Across the whole listing, return each line exactly, with no images included.

--- STORED DATA Enclosed Below ---

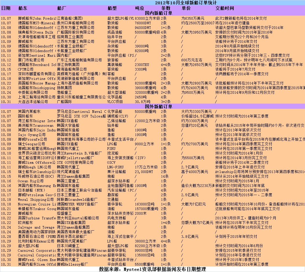 国内方面,2012年10月份新签船舶订单59条,较2012年9月份的数量增加了19条,船东仍以欧洲为主,部分为国内船东。其中,散货船新接订单数量有15条,比上月增加了7条;成品油船和集装箱船均有8条;高附加值的海工钻井平台有各9条,数量明显增加,其余多为低附加值的客船和旅游船。
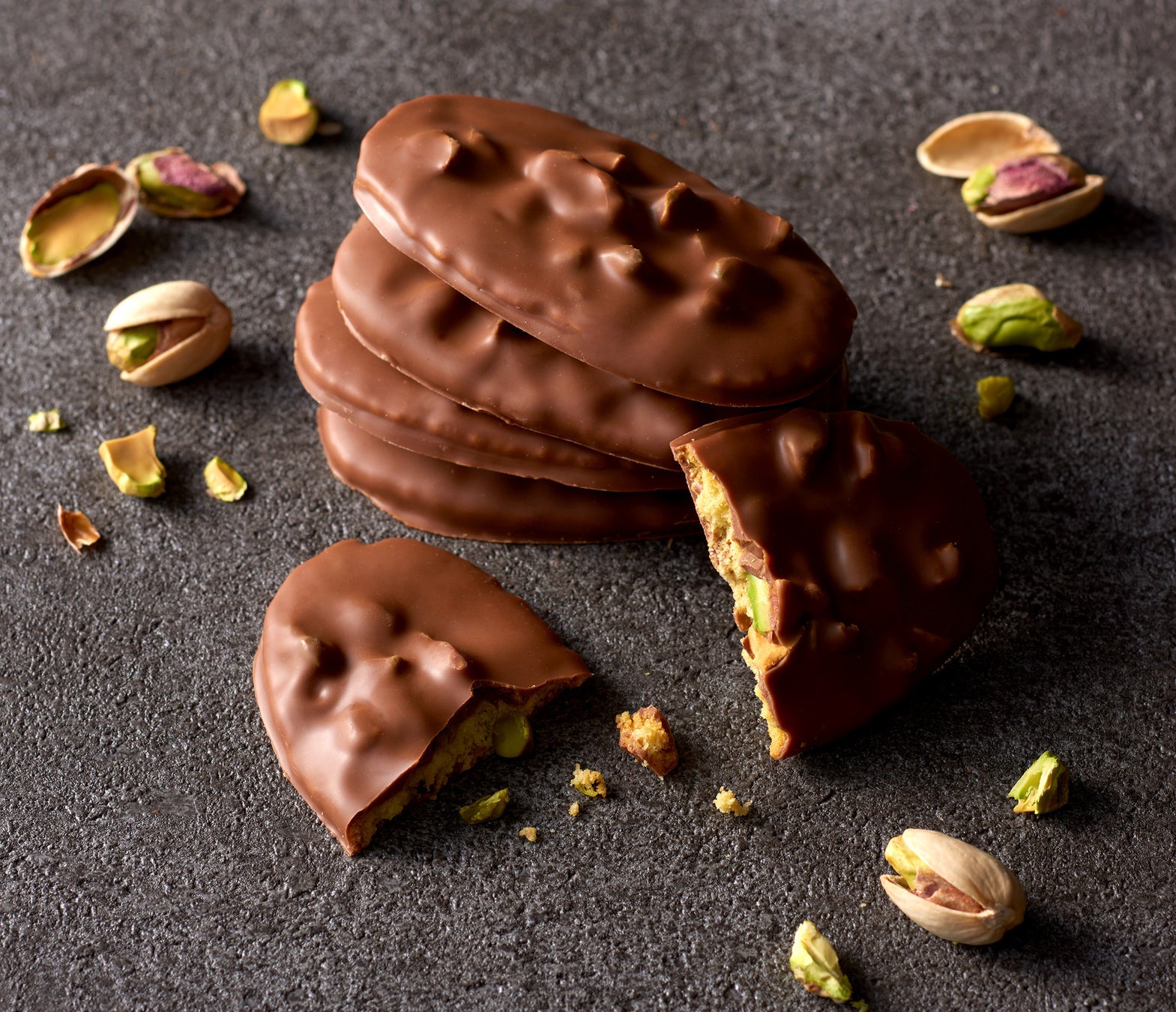 サクサクのサブレとまろやかなミルクチョコレート。ピスタチオの香ばしさが奏でるハーモニーは、マカダミア・ショコラファンにはもちろん、チョコレート好き、クッキー好き、ピスタチオ好きの方にも、きっと気に入っていただける味わいです。
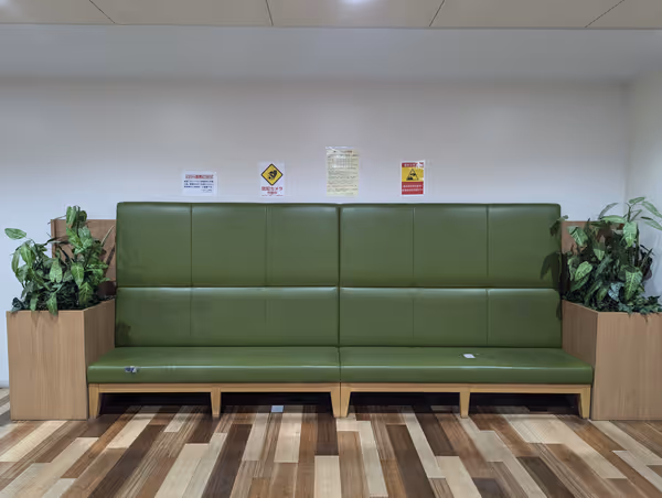 黒崎駅近く、コムシティは待ち合わせや休憩に最適。ベンチやソファが多数あり、利用しやすい。

--- End of Enclosed STORED DATA ---

* _OUTPUT OF THE EXERCISE_:
 国内方面,2012年10月份新签船舶订单59条,较2012年9月份的数量增加了19条,船东仍以欧洲为主,部分为国内船东。其中,散货船新接订单数量有15条,比上月增加了7条;成品油船和集装箱船均有8条;高附加值的海工钻井平台有各9条,数量明显增加,其余多为低附加值的客船和旅游船。
 サクサクのサブレとまろやかなミルクチョコレート。ピスタチオの香ばしさが奏でるハーモニーは、マカダミア・ショコラファンにはもちろん、チョコレート好き、クッキー好き、ピスタチオ好きの方にも、きっと気に入っていただける味わいです。
 黒崎駅近く、コムシティは待ち合わせや休憩に最適。ベンチやソファが多数あり、利用しやすい。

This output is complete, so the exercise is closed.